* [DIRECTIONS FOR THIS TASK] What you return must match the data below exactly, minus any pictures.
[Opening AVAILABLE DATA section]
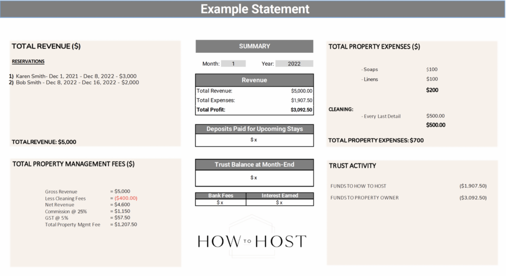 We work with professional bookkeeping and accounting firms. You will receive detailed and transparent monthly income statements including the following information:
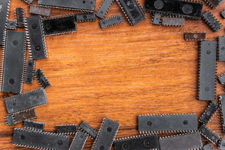 Old microchips on a wooden table lie in the form of a frame with free space for text in the center. Moke up. Close up.
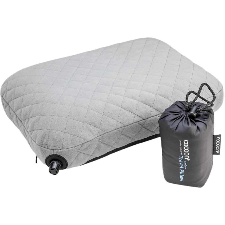 En lätt, kompakt resekudde med uppblåsbar, utbytbar luftkudde under ett lager av syntetisk fyllning och ett mikrofiber/nylonöverdrag. Storlek: 28 x 38 cm. Förpackningsstorlek: 11 x 8 cm. Vikt: 179 g
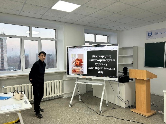 Шара соңында студенттерге “Закладка” деректі фильмі көрсетілді. Топ кураторы сөз соңында жастарды жаман әдеттерден аулақ болып, салауатты өмір салтын ұстанып, бос уақытын тиімді істермен айналысуға шақырды. Білім алушылар тарапынан сұрақтарын қойылып, өзара еркін пікір алмасты.
[Closing AVAILABLE DATA section]
* [TASK OUTPUT]
 We work with professional bookkeeping and accounting firms. You will receive detailed and transparent monthly income statements including the following information:
 Old microchips on a wooden table lie in the form of a frame with free space for text in the center. Moke up. Close up.
 En lätt, kompakt resekudde med uppblåsbar, utbytbar luftkudde under ett lager av syntetisk fyllning och ett mikrofiber/nylonöverdrag. Storlek: 28 x 38 cm. Förpackningsstorlek: 11 x 8 cm. Vikt: 179 g
 Шара соңында студенттерге “Закладка” деректі фильмі көрсетілді. Топ кураторы сөз соңында жастарды жаман әдеттерден аулақ болып, салауатты өмір салтын ұстанып, бос уақытын тиімді істермен айналысуға шақырды. Білім алушылар тарапынан сұрақтарын қойылып, өзара еркін пікір алмасты.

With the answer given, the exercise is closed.